Você pode assinar uma montagem de duas maneiras diferentes, mas complementares: com um nome forte ou usando SignTool.exe (Ferramenta de Assinatura). A assinatura de um assembly com um nome forte adiciona criptografia de chave pública ao arquivo que contém o manifesto do assembly. A assinatura de nome forte ajuda a verificar a unicidade do nome, prevenir a falsificação de nomes e fornecer uma identidade verificada aos chamadores quando uma referência é resolvida.
Nenhum nível de confiança está associado a um nome forte, o que torna SignTool.exe (Sign Tool) importante. As duas ferramentas de assinatura exigem que um editor prove sua identidade a uma autoridade terceirizada e obtenha um certificado. Esse certificado é então incorporado ao seu arquivo e pode ser usado por um administrador para decidir se confia na autenticidade do código.
Você pode dar um nome forte e uma assinatura digital criada com SignTool.exe (Ferramenta de Assinatura) a uma assemblagem, ou então usar apenas um deles. As duas ferramentas de assinatura podem assinar apenas um arquivo de cada vez; Para um assembly multifile, você assina o arquivo que contém o manifesto do assembly.
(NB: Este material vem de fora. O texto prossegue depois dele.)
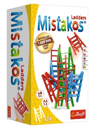 Trefl 2180 Game Mistakos Ladders Возраст: 3+ Для: Всех Игра Mistakos Лестницы - это классическая аркадная игра для всей семьи! Набор содержит 24 лестницы - 8 синих, 8 зеленых и 8 красных. Игра раcсчитана от 1 до 3 игроков. Правила игры: 1. Каждый игрок выбирает себе набор одинаковых по цвету лестниц. Начинает самый младший игрок, ставя 1 лестницу в центр стола. 2. Затем другие игроки по очереди добавляют по одной из своих лестниц, учитывая то, что стола может касаться только первая поставленная лестница 3. Если во время хода кого-то из игроков выстроеная башня пострадает, он должен будет забрать себе все упавшие лестницы, но сохраняет за собой право поставить лестницу на конструкцию. Выиграет тот игрок, кто первый избавиться от всех стульев! Рекомендуемый возраст: от 5 лет Virsta: 3+ Pentru: Ambisex Mistakos Ladders este un joc arcade clasic pentru intreaga familie! Setul con?ine 24 de scari - 8 albastre, 8 verzi ?i 8 ro?ii. Jocul este conceput pentru 1-3 jucatori. Regulile jocului: 1. Fiecare jucator i?i alege un set de scari de aceea?i culoare. Incepe cel mai tanar jucator, a?ezand o scara in mijlocul mesei. 2. Apoi ceilal?i jucatori, rand pe rand, adauga una dintre scarile lor la gramada. Doar prima scara are voie sa atinga masa. 3. Daca un jucator i?i adauga scara la gramada ?i cade vreuna dintre ele, jucatorul trebuie sa ia toate scarile cazute. Dar tot poate sa adauge o scara la gramada. Ca?tiga jucatorul care scapa primul de toate scarile! Varsta recomandata: de la 5 ani

Um nome forte é armazenado no arquivo que contém o manifesto do assembly, mas uma assinatura criada usando SignTool.exe (Sign Tool) é armazenada em um slot reservado no arquivo executável portátil (PE) que contém o manifesto do assembly. A assinatura de um assembly usando SignTool.exe (Ferramenta de Assinatura) pode ser utilizada (com ou sem um nome forte) quando já tem uma hierarquia de confiança que dependa de assinaturas geradas pelaSignTool.exe (Ferramenta de Assinatura), ou quando a sua política utiliza apenas a parte da chave e não verifica uma cadeia de confiança.
Observação
Ao usar simultaneamente um nome forte e uma assinatura digital numa ferramenta de assinatura em um assembly, o nome forte deve ser atribuído primeiro.
O Common Language Runtime também executa uma verificação de hash; o manifesto do assembly contém uma lista de todos os arquivos que compõem o assembly, incluindo um hash de cada arquivo conforme existia quando o manifesto foi criado. À medida que cada arquivo é carregado, seu conteúdo é colocado em hash e comparado com o valor de hash armazenado no manifesto. Se os dois hashes não corresponderem, a montagem falhará ao carregar.
A forte nomenclatura e assinatura usando SignTool.exe (Sign Tool) garantem a integridade através de assinaturas digitais e certificados. Todas as tecnologias mencionadas, ou seja, verificação de hash, nomenclatura forte e assinatura usando SignTool.exe (Sign Tool), trabalham juntas para garantir que o assembly não tenha sido alterado de forma alguma.